- **WORK TO BE COMPLETED**
Each entry is to be retyped exactly as it appears. Leave the images out.

*** Begin section ***

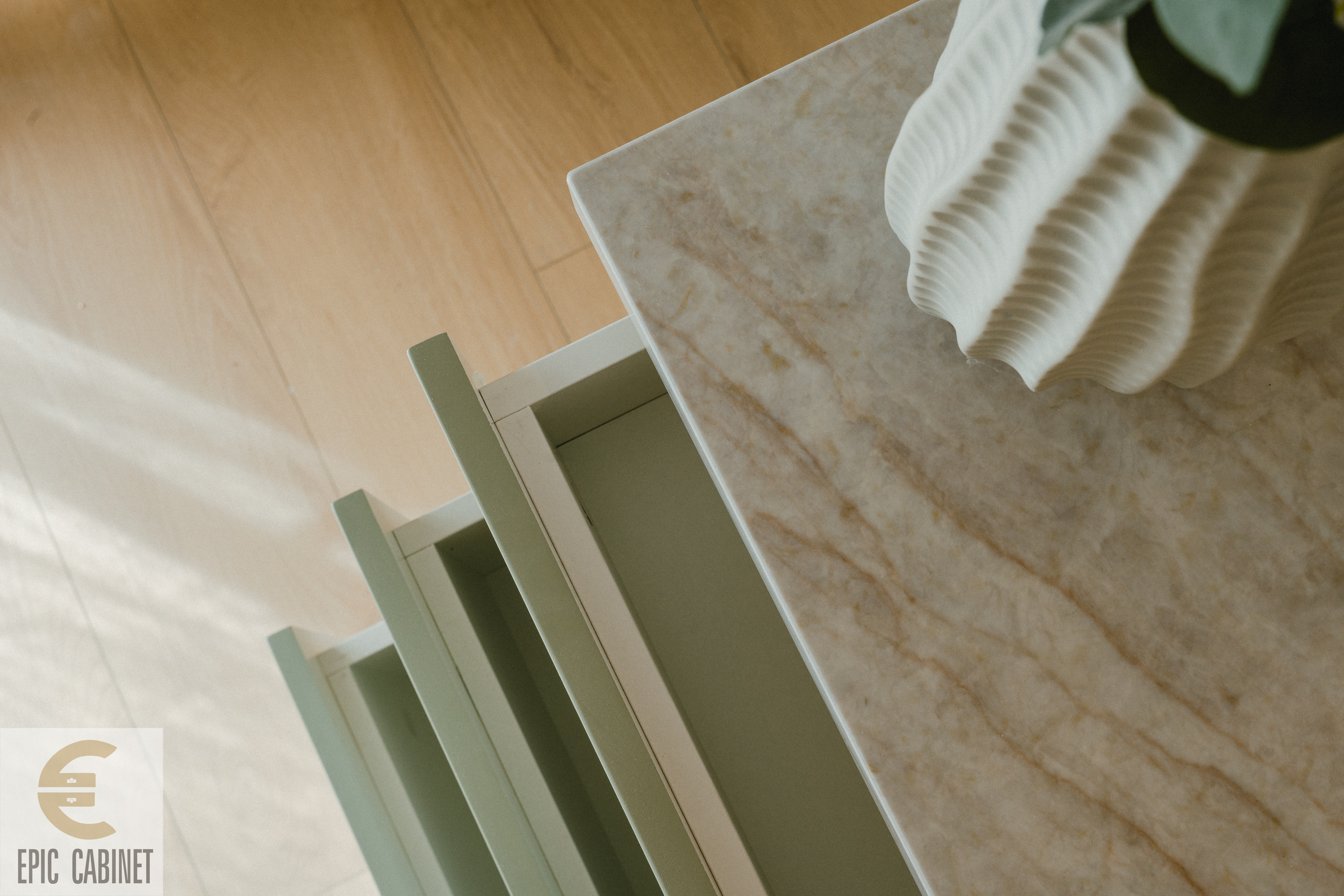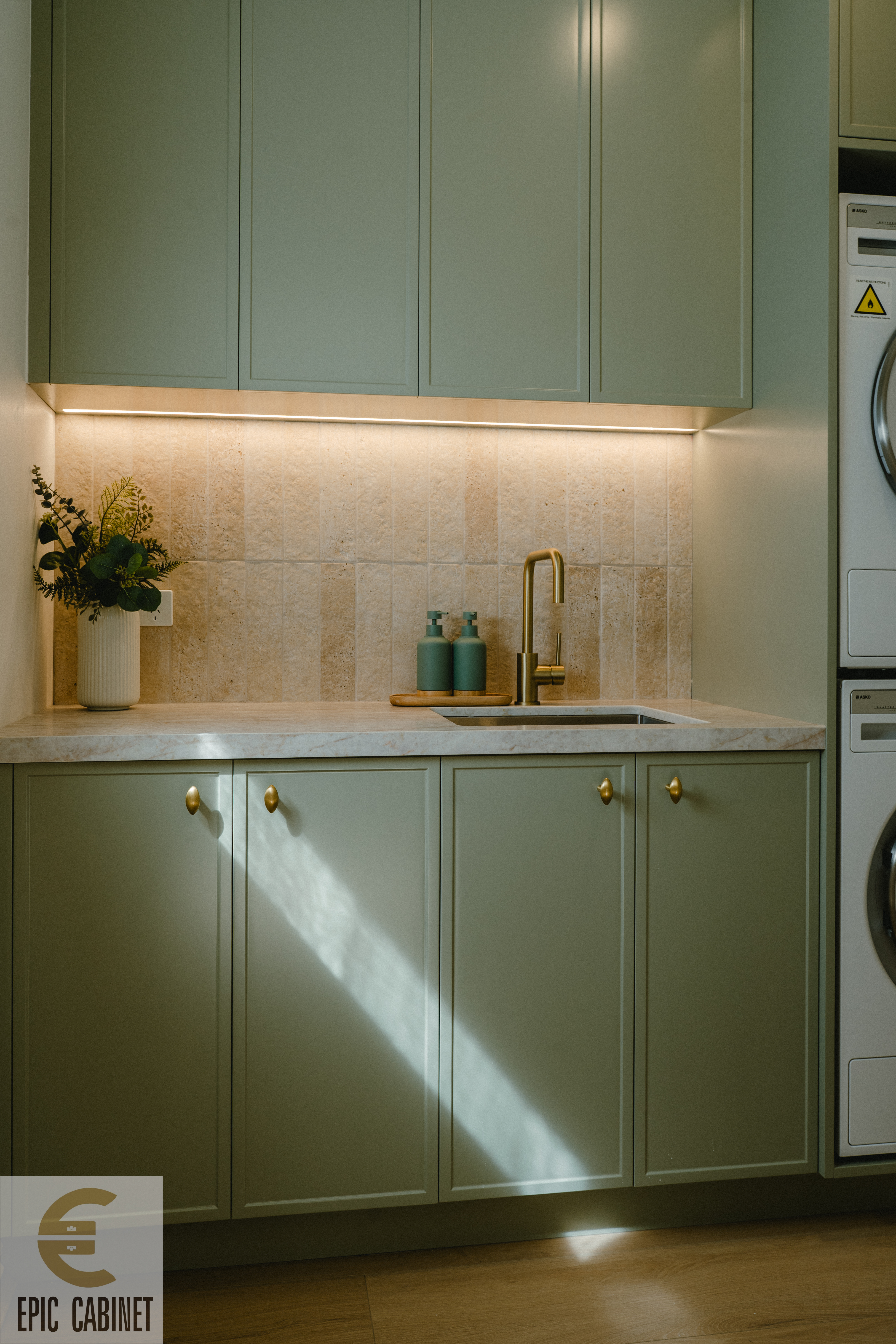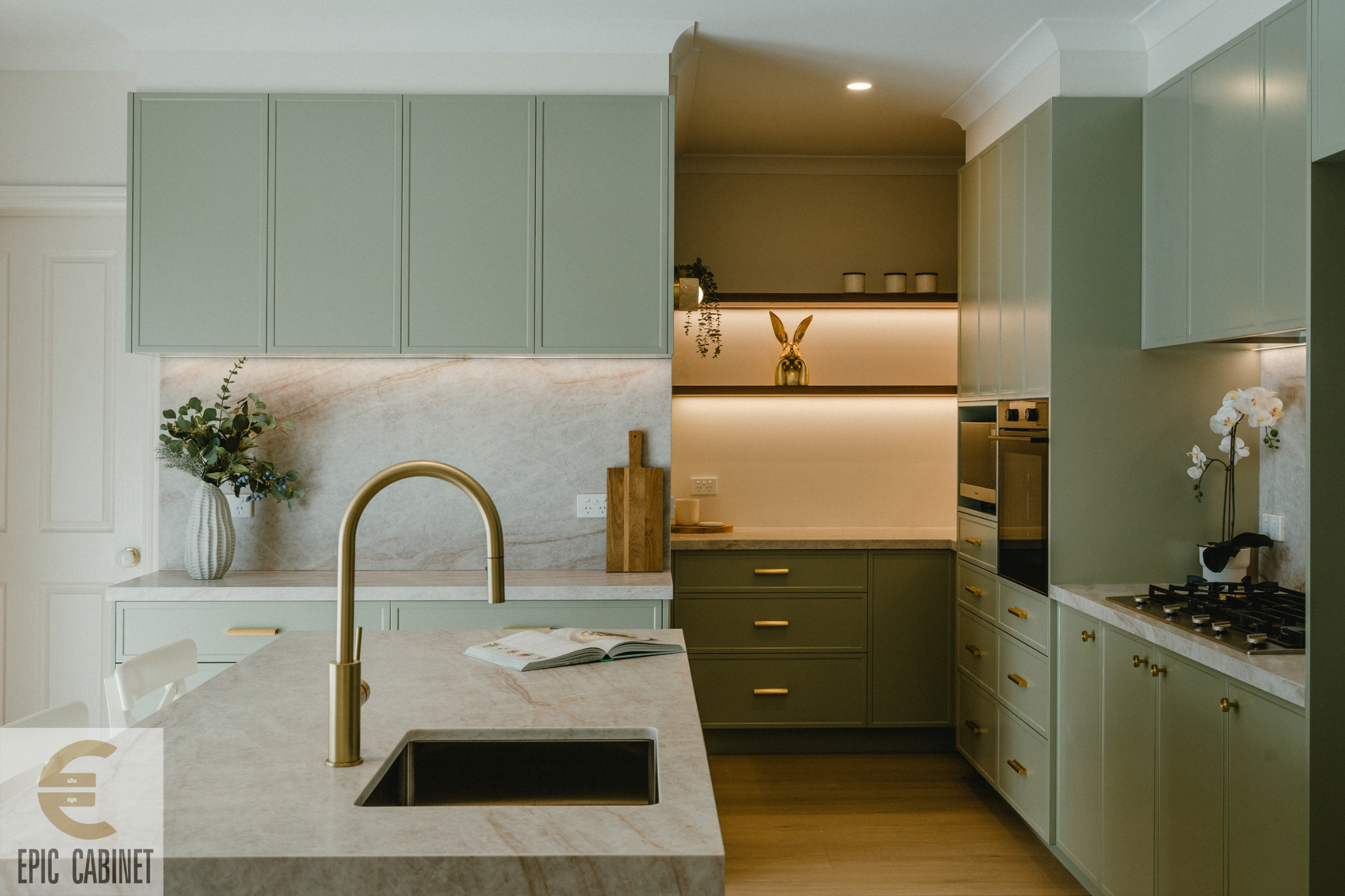 - Warm brass accents: Brushed brass faucet, pulls, and knobs add warmth and a refined contrast against the green.
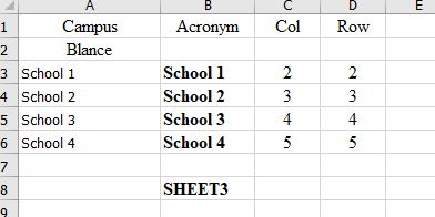 - mfgutierrez2003Copper ContributorThank you; I needed to add those areas to the formula on Sheet 1, but didn't know how to do that for school 4. The formula from sheet 1 only exports data from Sheet 2 for Campus 1, 2 and 3. I just couldn't figure out how to recalculate and update formula on Sheet one for all the cell.
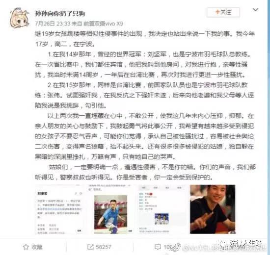 2018年7月,隨著#Metoo運(yùn)動(dòng)對(duì)「性騷擾」的喚醒,一名17歲寧波女孩發(fā)長(zhǎng)文稱,曾遭到兩名羽毛球教練侵犯,其中一名曾是國(guó)家隊(duì)隊(duì)員,另一名還是世界冠軍。
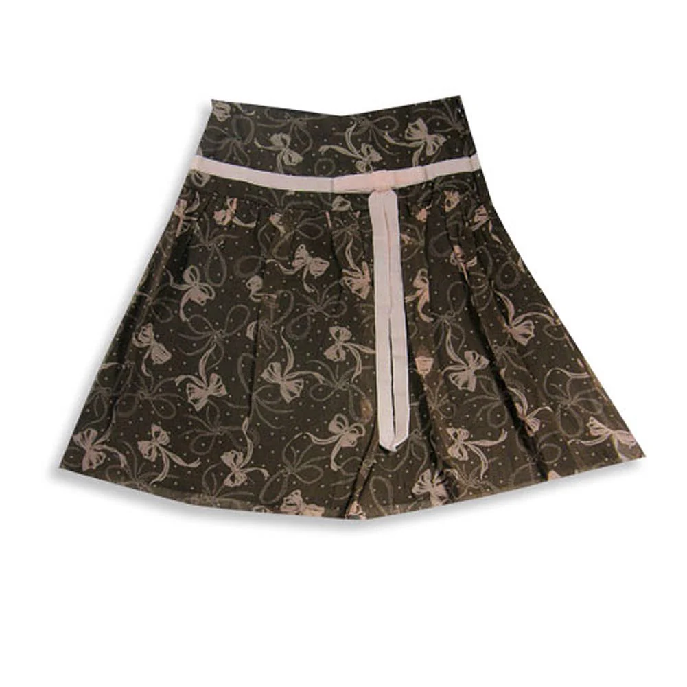 Pirouette - Girls Silk Bow Skirt, Brown, Pink, Drop Waistband, Side Zipper, Velvet Ribbon And Bow, Fully Lined, 100% Silk Lining 100% Acetate, Made In USA, #13925
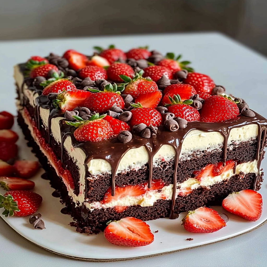 - This delightful strawberry chocolate cake combines rich chocolate with fresh strawberries for an irresistible dessert.
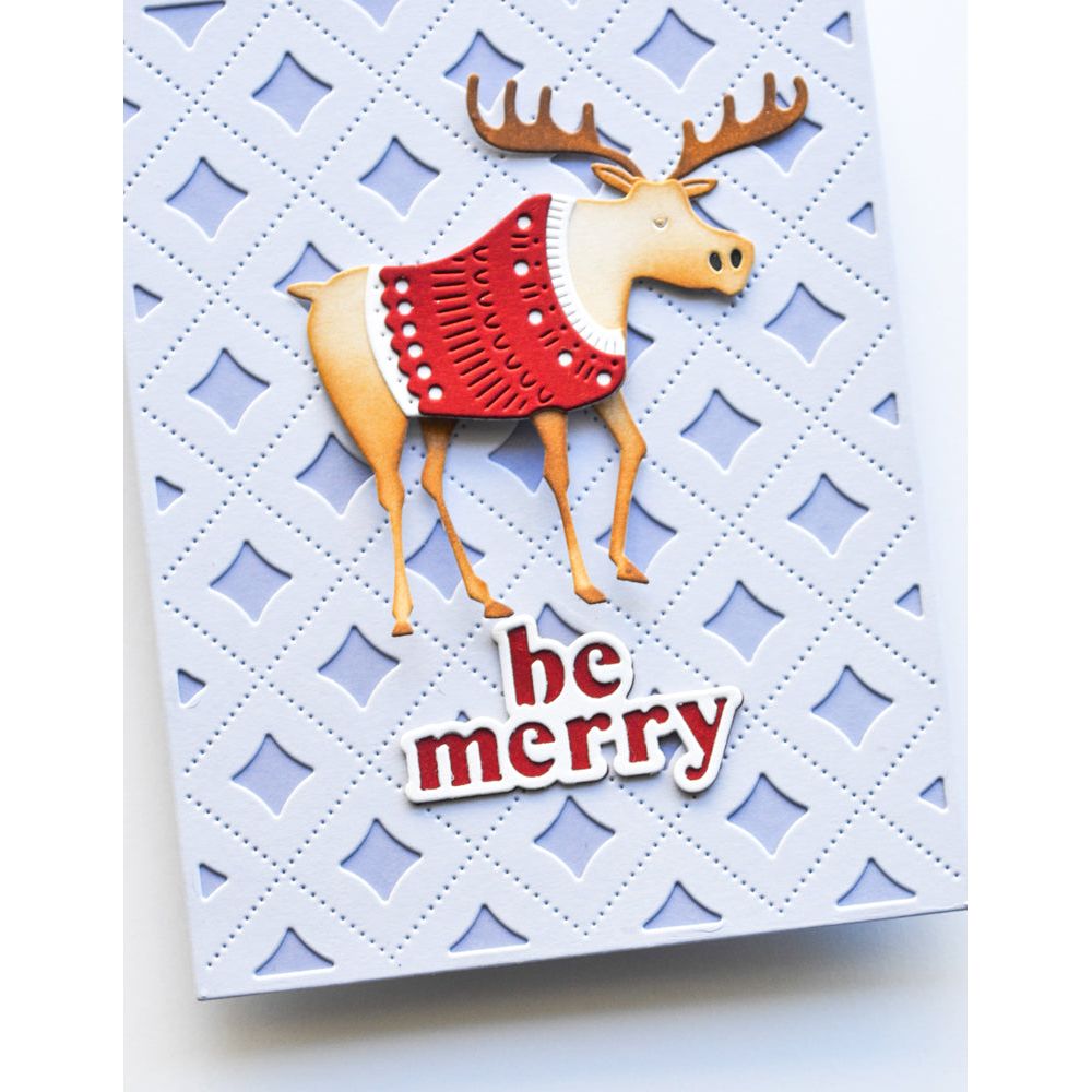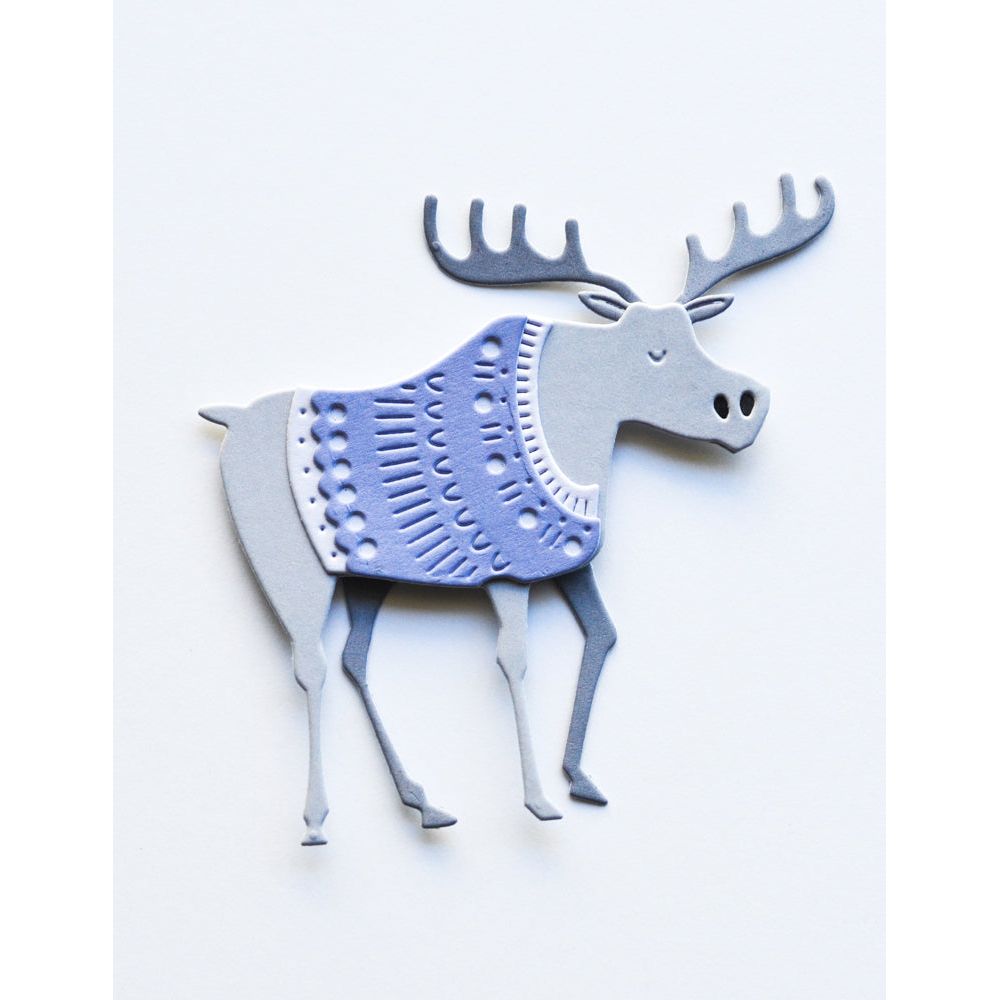 Poppy Stamps Nordic Moose Dies are part of the Nordic Wonderland Collection. Crafted from durable steel and are compatible with nearly every machine available on the market. These versatile dies can be used on various materials, including cardstock, felt, fabric, or shrink plastic, giving you the ability to cut, stencil, emboss, and bring your creative ideas to life. The set includes 2 wafer-thin dies that cut out 7 designs, with the assembled moose measuring approximately 2.9 x 2.9 inches. This moose exudes pride, adorned in a distinctive Scandinavian sweater motif.
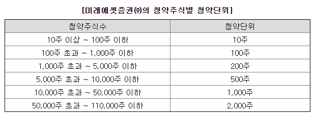 먼저 미래에셋대우는 10주, 100주, 200주 식으로 청약주식별 청약단위가 책정되어 있습니다.
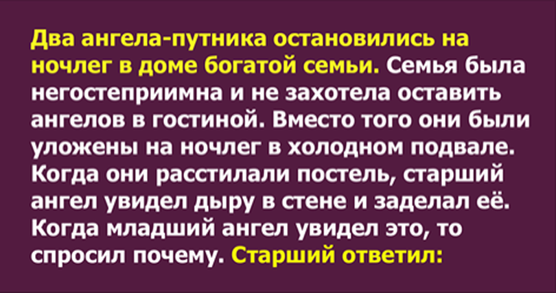 Два ангела-путника остановились на ночлег в доме богатой семьи. Семья была негостеприимна и...

*** End section ***

- **RESULT FOR THIS EXERCISE**
 - Warm brass accents: Brushed brass faucet, pulls, and knobs add warmth and a refined contrast against the green.
 - mfgutierrez2003Copper ContributorThank you; I needed to add those areas to the formula on Sheet 1, but didn't know how to do that for school 4. The formula from sheet 1 only exports data from Sheet 2 for Campus 1, 2 and 3. I just couldn't figure out how to recalculate and update formula on Sheet one for all the cell.
 2018年7月,隨著#Metoo運(yùn)動(dòng)對(duì)「性騷擾」的喚醒,一名17歲寧波女孩發(fā)長(zhǎng)文稱,曾遭到兩名羽毛球教練侵犯,其中一名曾是國(guó)家隊(duì)隊(duì)員,另一名還是世界冠軍。
 Pirouette - Girls Silk Bow Skirt, Brown, Pink, Drop Waistband, Side Zipper, Velvet Ribbon And Bow, Fully Lined, 100% Silk Lining 100% Acetate, Made In USA, #13925
 - This delightful strawberry chocolate cake combines rich chocolate with fresh strawberries for an irresistible dessert.
 Poppy Stamps Nordic Moose Dies are part of the Nordic Wonderland Collection. Crafted from durable steel and are compatible with nearly every machine available on the market. These versatile dies can be used on various materials, including cardstock, felt, fabric, or shrink plastic, giving you the ability to cut, stencil, emboss, and bring your creative ideas to life. The set includes 2 wafer-thin dies that cut out 7 designs, with the assembled moose measuring approximately 2.9 x 2.9 inches. This moose exudes pride, adorned in a distinctive Scandinavian sweater motif.
 먼저 미래에셋대우는 10주, 100주, 200주 식으로 청약주식별 청약단위가 책정되어 있습니다.
 Два ангела-путника остановились на ночлег в доме богатой семьи. Семья была негостеприимна и...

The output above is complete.